* DATA FOR THIS TASK *
■ ■ ■ ■ ■ ■ ■

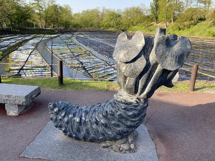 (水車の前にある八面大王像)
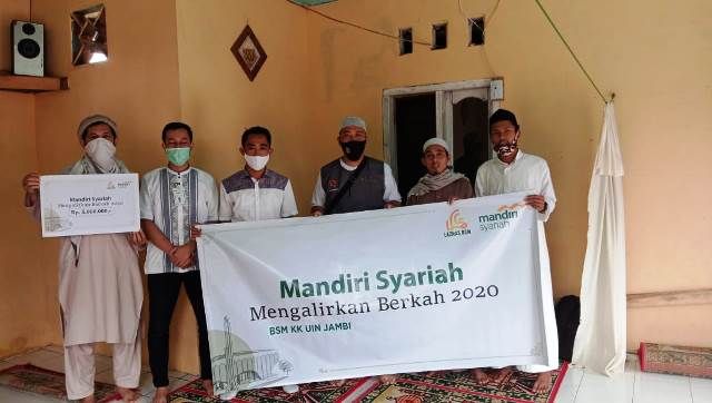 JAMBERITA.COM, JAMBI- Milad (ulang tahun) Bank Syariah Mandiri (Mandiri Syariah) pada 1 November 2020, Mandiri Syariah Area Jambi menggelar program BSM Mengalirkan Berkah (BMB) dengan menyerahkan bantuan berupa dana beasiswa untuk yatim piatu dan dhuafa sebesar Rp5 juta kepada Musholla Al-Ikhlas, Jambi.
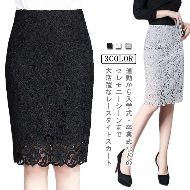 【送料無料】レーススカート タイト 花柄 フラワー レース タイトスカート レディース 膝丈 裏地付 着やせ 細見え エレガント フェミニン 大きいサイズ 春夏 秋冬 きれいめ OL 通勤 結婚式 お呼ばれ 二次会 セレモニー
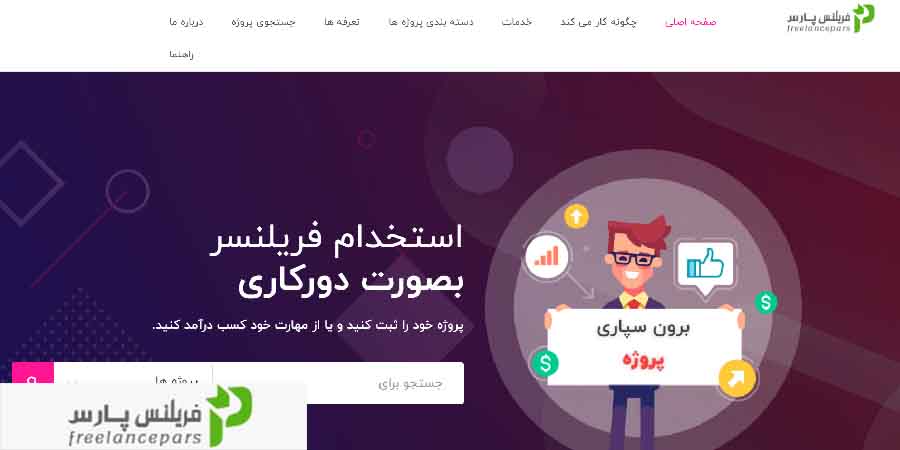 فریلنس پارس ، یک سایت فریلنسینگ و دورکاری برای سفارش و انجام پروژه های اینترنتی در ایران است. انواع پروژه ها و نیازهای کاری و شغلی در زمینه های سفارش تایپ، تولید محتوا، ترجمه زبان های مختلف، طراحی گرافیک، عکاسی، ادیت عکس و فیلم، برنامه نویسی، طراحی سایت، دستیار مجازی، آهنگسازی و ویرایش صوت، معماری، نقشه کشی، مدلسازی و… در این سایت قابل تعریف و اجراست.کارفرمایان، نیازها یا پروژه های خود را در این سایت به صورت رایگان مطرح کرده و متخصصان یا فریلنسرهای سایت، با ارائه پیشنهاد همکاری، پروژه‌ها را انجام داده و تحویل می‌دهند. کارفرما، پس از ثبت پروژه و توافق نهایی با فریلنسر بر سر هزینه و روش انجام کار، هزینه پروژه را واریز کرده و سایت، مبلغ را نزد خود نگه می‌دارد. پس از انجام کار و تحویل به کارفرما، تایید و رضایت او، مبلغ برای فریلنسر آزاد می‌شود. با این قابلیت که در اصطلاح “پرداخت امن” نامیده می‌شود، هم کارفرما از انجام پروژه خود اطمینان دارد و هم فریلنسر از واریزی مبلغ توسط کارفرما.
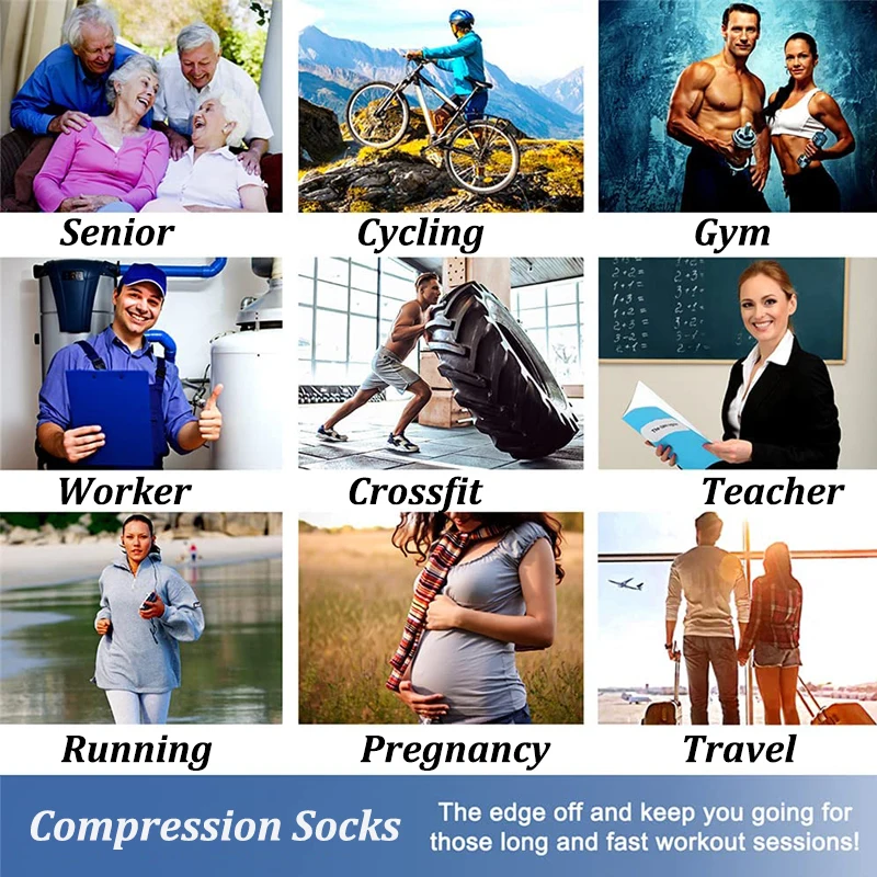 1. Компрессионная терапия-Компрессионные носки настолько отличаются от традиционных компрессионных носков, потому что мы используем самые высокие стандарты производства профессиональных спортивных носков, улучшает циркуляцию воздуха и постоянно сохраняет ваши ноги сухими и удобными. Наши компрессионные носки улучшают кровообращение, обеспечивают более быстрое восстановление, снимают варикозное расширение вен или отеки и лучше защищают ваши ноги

■ ■ ■ ■ ■ ■ ■

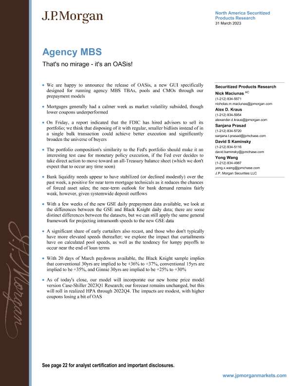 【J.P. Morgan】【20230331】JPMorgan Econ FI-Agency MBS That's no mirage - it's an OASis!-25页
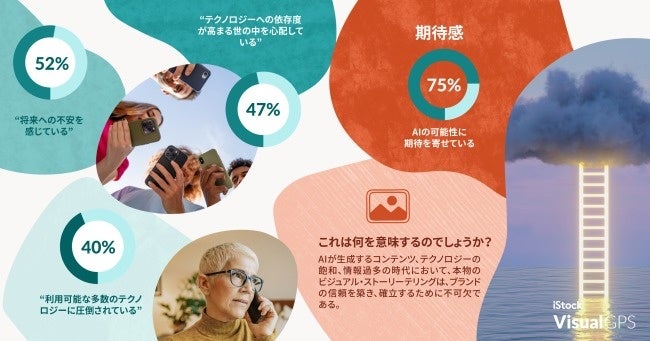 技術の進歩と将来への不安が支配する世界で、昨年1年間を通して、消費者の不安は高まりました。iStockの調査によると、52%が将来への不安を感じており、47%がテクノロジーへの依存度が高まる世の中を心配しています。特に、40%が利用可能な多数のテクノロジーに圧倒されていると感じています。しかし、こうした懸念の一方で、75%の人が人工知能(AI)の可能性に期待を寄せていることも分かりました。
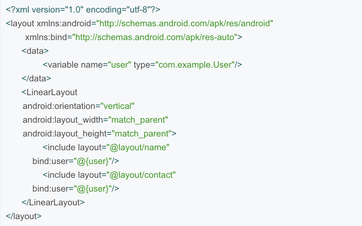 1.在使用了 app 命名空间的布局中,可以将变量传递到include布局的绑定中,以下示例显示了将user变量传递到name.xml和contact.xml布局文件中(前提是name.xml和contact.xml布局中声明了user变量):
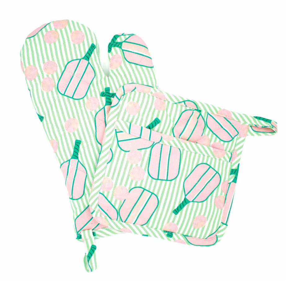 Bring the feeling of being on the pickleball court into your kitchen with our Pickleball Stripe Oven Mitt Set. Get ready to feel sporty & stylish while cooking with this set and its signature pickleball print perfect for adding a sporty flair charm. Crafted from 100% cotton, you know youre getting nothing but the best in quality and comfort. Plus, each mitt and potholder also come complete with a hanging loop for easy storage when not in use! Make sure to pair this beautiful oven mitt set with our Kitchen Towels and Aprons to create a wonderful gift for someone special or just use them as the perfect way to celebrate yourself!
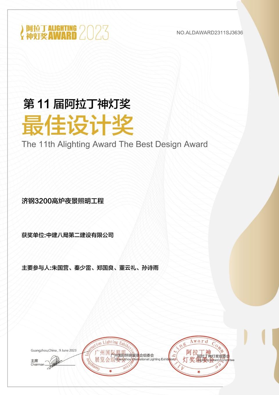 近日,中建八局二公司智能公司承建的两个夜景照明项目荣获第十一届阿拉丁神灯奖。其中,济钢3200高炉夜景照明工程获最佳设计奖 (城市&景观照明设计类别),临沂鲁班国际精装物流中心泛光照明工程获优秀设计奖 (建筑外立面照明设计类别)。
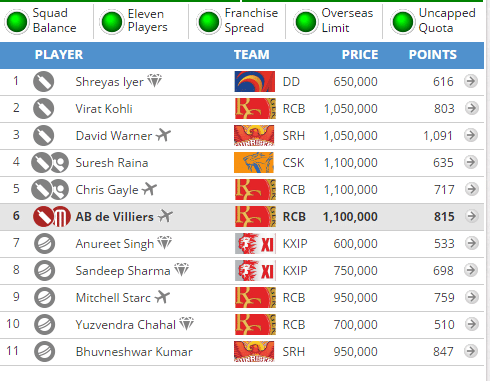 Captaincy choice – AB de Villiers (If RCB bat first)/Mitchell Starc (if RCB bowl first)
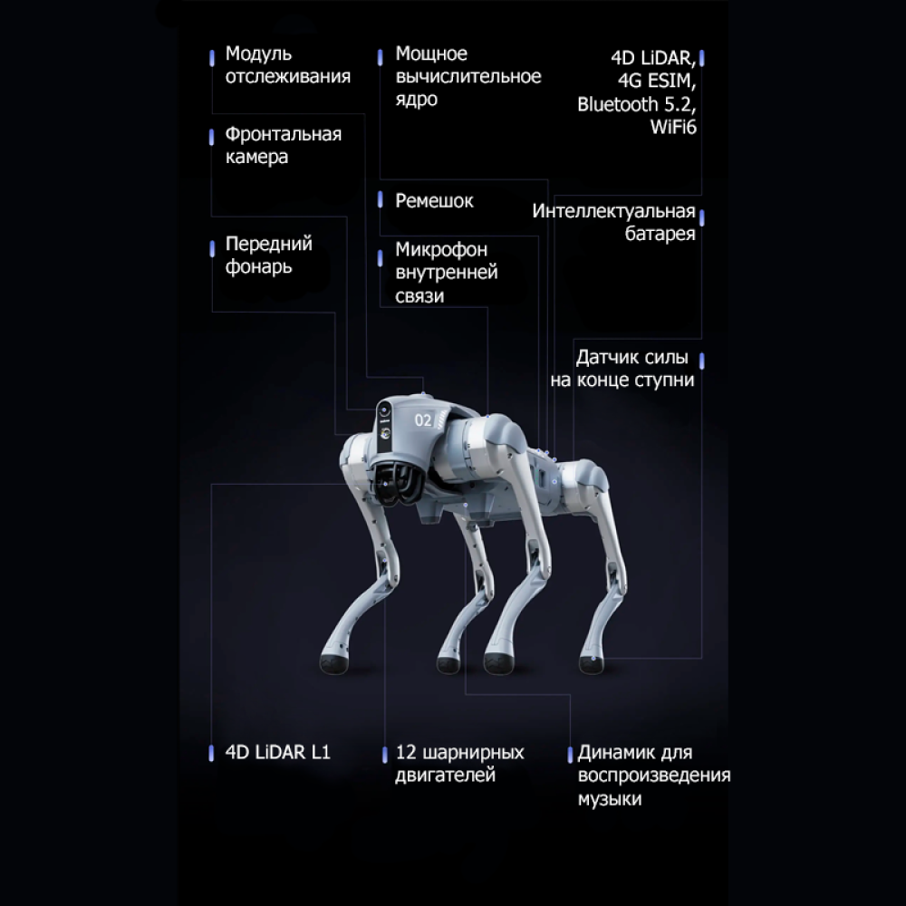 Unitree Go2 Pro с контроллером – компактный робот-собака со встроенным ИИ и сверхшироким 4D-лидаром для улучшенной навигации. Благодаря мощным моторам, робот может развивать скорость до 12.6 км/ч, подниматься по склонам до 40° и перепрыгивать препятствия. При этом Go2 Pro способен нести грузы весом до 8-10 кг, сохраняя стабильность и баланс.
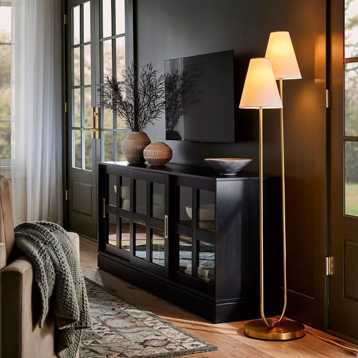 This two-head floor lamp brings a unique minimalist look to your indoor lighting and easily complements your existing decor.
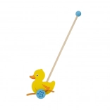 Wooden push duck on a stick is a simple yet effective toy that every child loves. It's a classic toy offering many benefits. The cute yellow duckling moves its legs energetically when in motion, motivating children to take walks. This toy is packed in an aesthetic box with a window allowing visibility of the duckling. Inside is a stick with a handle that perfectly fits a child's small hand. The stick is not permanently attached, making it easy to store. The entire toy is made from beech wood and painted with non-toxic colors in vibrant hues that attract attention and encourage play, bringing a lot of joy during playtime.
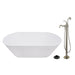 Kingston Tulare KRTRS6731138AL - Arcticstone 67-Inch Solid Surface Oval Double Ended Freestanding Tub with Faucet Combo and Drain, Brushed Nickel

■ ■ ■ ■ ■ ■ ■

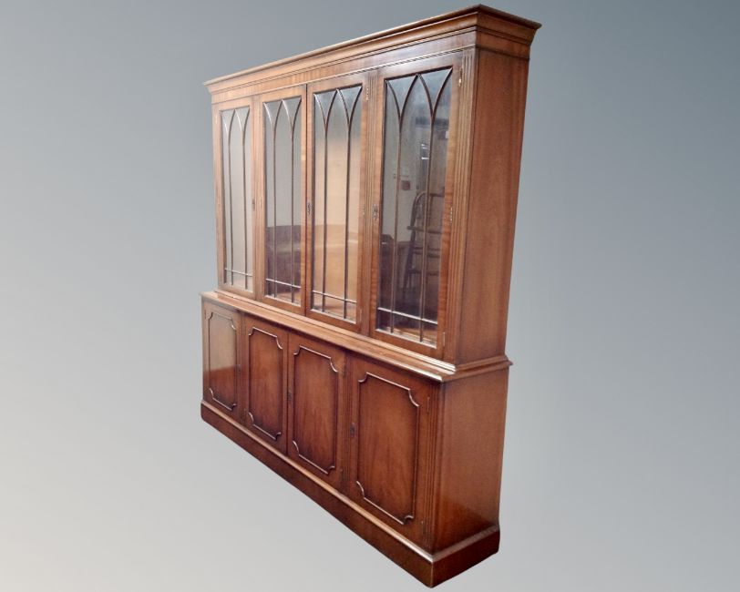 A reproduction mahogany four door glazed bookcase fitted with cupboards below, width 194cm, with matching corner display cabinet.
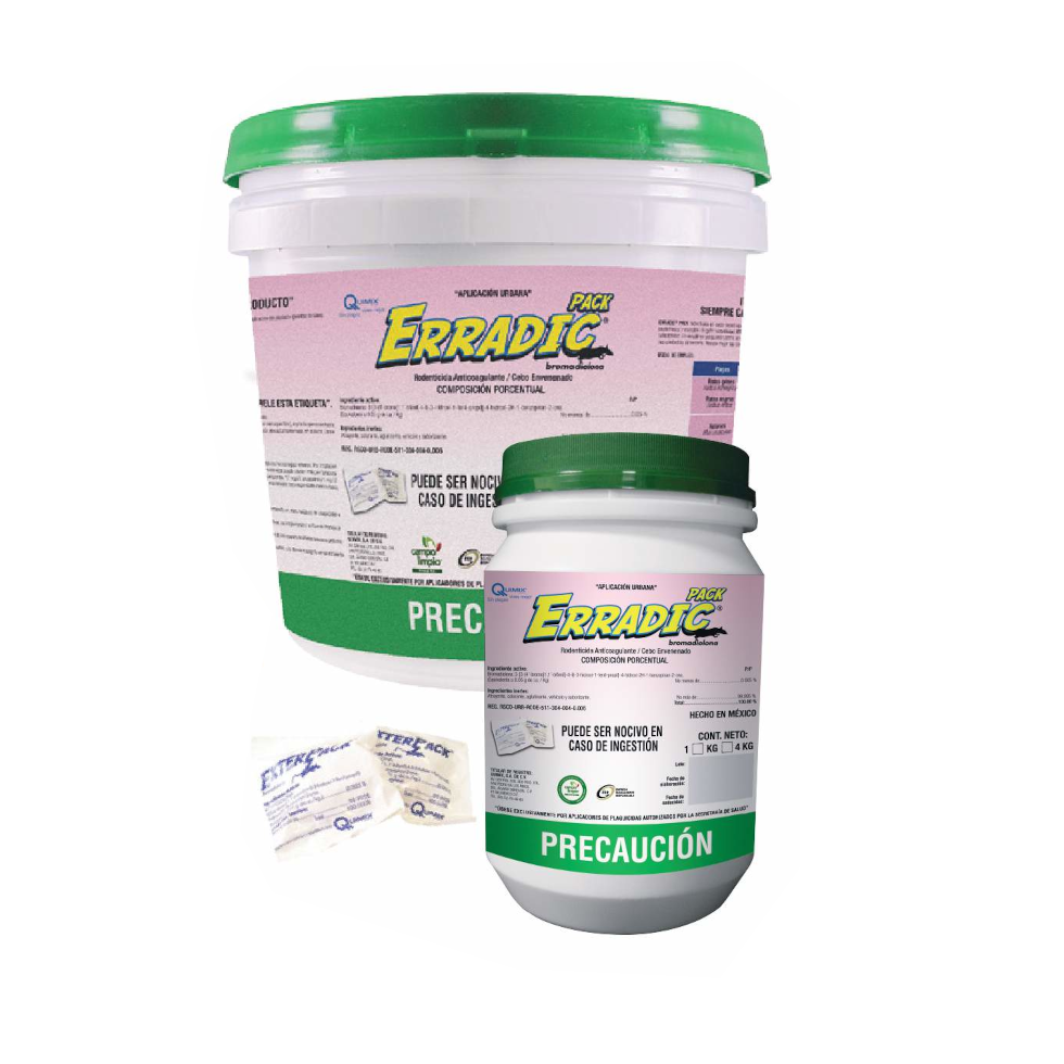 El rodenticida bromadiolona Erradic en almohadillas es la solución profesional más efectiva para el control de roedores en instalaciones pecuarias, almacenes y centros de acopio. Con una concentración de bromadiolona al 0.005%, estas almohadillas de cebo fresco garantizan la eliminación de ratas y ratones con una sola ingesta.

■ ■ ■ ■ ■ ■ ■

Copy word for word the span of the records above that begins at the line with "(水車の前にある八面大王像)" and ends at the line with "فریلنس پارس ،", including those two lines but not the pictures.

* EXERCISE RESULT *
 (水車の前にある八面大王像)
 JAMBERITA.COM, JAMBI- Milad (ulang tahun) Bank Syariah Mandiri (Mandiri Syariah) pada 1 November 2020, Mandiri Syariah Area Jambi menggelar program BSM Mengalirkan Berkah (BMB) dengan menyerahkan bantuan berupa dana beasiswa untuk yatim piatu dan dhuafa sebesar Rp5 juta kepada Musholla Al-Ikhlas, Jambi.
 【送料無料】レーススカート タイト 花柄 フラワー レース タイトスカート レディース 膝丈 裏地付 着やせ 細見え エレガント フェミニン 大きいサイズ 春夏 秋冬 きれいめ OL 通勤 結婚式 お呼ばれ 二次会 セレモニー
 فریلنس پارس ، یک سایت فریلنسینگ و دورکاری برای سفارش و انجام پروژه های اینترنتی در ایران است. انواع پروژه ها و نیازهای کاری و شغلی در زمینه های سفارش تایپ، تولید محتوا، ترجمه زبان های مختلف، طراحی گرافیک، عکاسی، ادیت عکس و فیلم، برنامه نویسی، طراحی سایت، دستیار مجازی، آهنگسازی و ویرایش صوت، معماری، نقشه کشی، مدلسازی و… در این سایت قابل تعریف و اجراست.کارفرمایان، نیازها یا پروژه های خود را در این سایت به صورت رایگان مطرح کرده و متخصصان یا فریلنسرهای سایت، با ارائه پیشنهاد همکاری، پروژه‌ها را انجام داده و تحویل می‌دهند. کارفرما، پس از ثبت پروژه و توافق نهایی با فریلنسر بر سر هزینه و روش انجام کار، هزینه پروژه را واریز کرده و سایت، مبلغ را نزد خود نگه می‌دارد. پس از انجام کار و تحویل به کارفرما، تایید و رضایت او، مبلغ برای فریلنسر آزاد می‌شود. با این قابلیت که در اصطلاح “پرداخت امن” نامیده می‌شود، هم کارفرما از انجام پروژه خود اطمینان دارد و هم فریلنسر از واریزی مبلغ توسط کارفرما.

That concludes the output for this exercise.